The question of legitimacy has become a central issue in Philippine politics at this time.



It is, of course, a question linked with the legal bases of Gloria Macapagal Arroyo’s presidency and her holding on to power.



While legitimacy assumes some form of a moral quality and character, it substantially plays upon public impressions and perceptions.



The key, however, to understanding what constitutes legitimacy is how we define the nature of the public and the consequent realities such as public impressions and/or public perceptions.



A good definition of what constitutes the “public” in the Philippines takes into account all the historical, cultural, and political variables. The public is not simply “they” who have lorded over our lives as a people— or “they” who are easily swayed by popular demands and sentiments.



With the former President Corazon Aquino taking center stage in what some analysts and blabbers call as “Gloria resign movement,” we need to critique the nature of the word public that oppositionists and the ruling regime are using to make us believe that what they say to us—the “public”—has the form of a covenant and a truth.



The deposed President Joseph Estrada has more imagination when he used the misery and metaphor of the mahirap to appeal to the deprived who need justice— not in its abstract form but in concrete terms.

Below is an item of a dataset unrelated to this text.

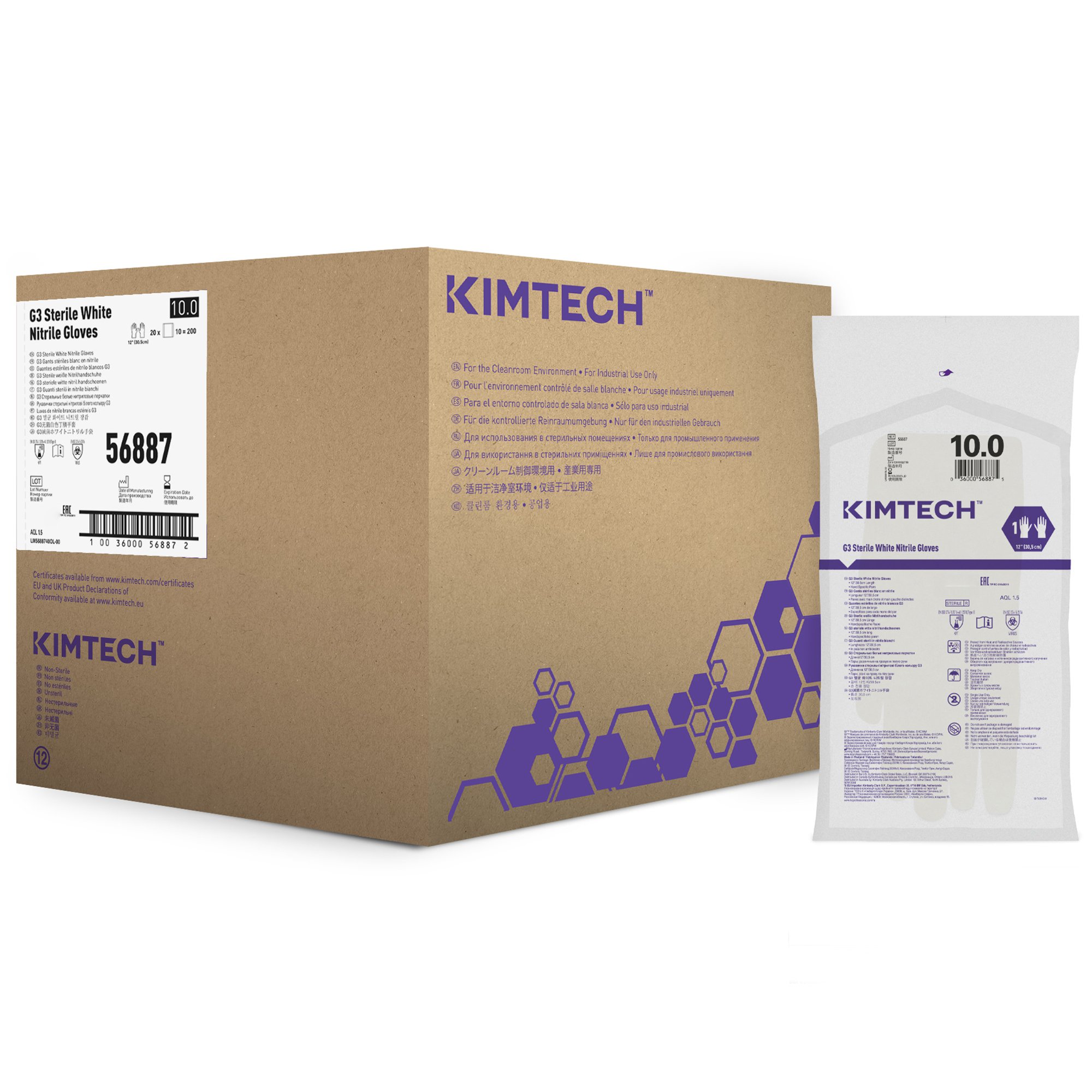 Kimtech™ G3 Sterile White Nitrile Hand Specific Gloves provide unrivalled contamination control and cleanliness, designed to protect both the wearer and their processes in a range of regulated cleanroom environments. The high quality white nitrile construction ensures the hand-specific sterile gloves are ideal for EU GMP ISO Class 5 (Grade A) sterile cleanrooms. High risk applications demand sterile contamination protection that is certified for all relevant requirements while providing excellent comfort and tactile control to ensure processes are safe and efficient. Our disposable Kimtech™ G3 Sterile White Nitrile Gloves fulfil these criteria, with user-friendly design and white nitrile material that protects against chemical splash, viruses and micro-organism contamination. The powder-free gloves also feature a textured finish for improved grip and sensitivity while being suitable for double donning. The gloves contain no natural rubber latex or silicone, which reduces the risk of skin irritation. The Kimtech™ G3 Sterile White Nitrile Gloves are validated to a Sterility Assurance Level (SAL) of 10-6 and feature a cleanliness level of a maximum of 950 particles >0.5μm/cm2, and an endotoxin level of 20 units/pair maximum. The gloves are provided cleanroom-ready; double-packaged in polyethylene bags to ensure your processes and workflows can stay operating efficiently. Available Sizes/Codes: 6 – 56888 (Formerly HC61160); 6.5 – 56889 (Formerly HC61165); 7 – 56890 (Formerly HC61170); 7.5 – 56891 (Formerly HC61175); 8 – 56892 (Formerly HC61180); 8.5 – 56893 (Formerly HC61185); 9 – 56894 (Formerly HC61190); 10 – 56887 (Formerly HC61110)

There is a misuse in this reference to the public—even as Susan Roces, with her fire and brimstone rhetoric, has called on the taumbayan and/or the sambayanan or the masa to get awakened, rise up, and fight for their right to defend the votes of the supposed-to-be future-ex president Fernando Poe Jr.



Roces, of course, is as confused as Vice President Noli de Castro when the latter talks about the bayan with his tenor in a manner that is bombastic—one that is calculated to add flair and drama to delusional claims to greatness that tended to drown the already-muffled voices of the taumbayan.



We are not going to spare Arroyo from this misuse of the bayan-masa-taumbayan-sambayanan metaphor.



Aquino’s take has reference to the country and nation in an equally confusing sense as Aquino, Roces the actress who was silent during the oppressive regime of the Marcoses, Panfilo Lacson the oppositionist whose claim to political legitimacy is by way of the blessings of the Erap presidency, and other characters in search of scenes and settings.



Already, we do not know much what will come next and when will the best days come and offer us a respite from all these that hamper us from moving on and having the good life.



With Arroyo’s regime still getting the heat and the pressure, we can only blame the masses for not joining in the fray that has been asking her to step down and hand over the power to de Castro.



Well, the elites do not like de Castro. He is so masa. He is not one of them—even if he continues to confuse the masa themselves with his appeal to the poor and hopeless and the deprived and the underprivileged.



The problem with the Arroyo presidency is legitimacy—that quality that we assign to the power to govern and with the attendant power having the semblance of moral ascendancy and thus approval by the thinking masses.



There is a qualification here: the thinking masses, the masses that get their education from re-imagining the translation into concrete terms their fundamental human rights to live the good life.



From hereon, we need to be critical about the way the ruling elite and the oppositionists continue to use us—we the real public, we who think thoughts about our life as a people, we who take as sacred our commitment to love the deprived and the underprivileged among our ranks.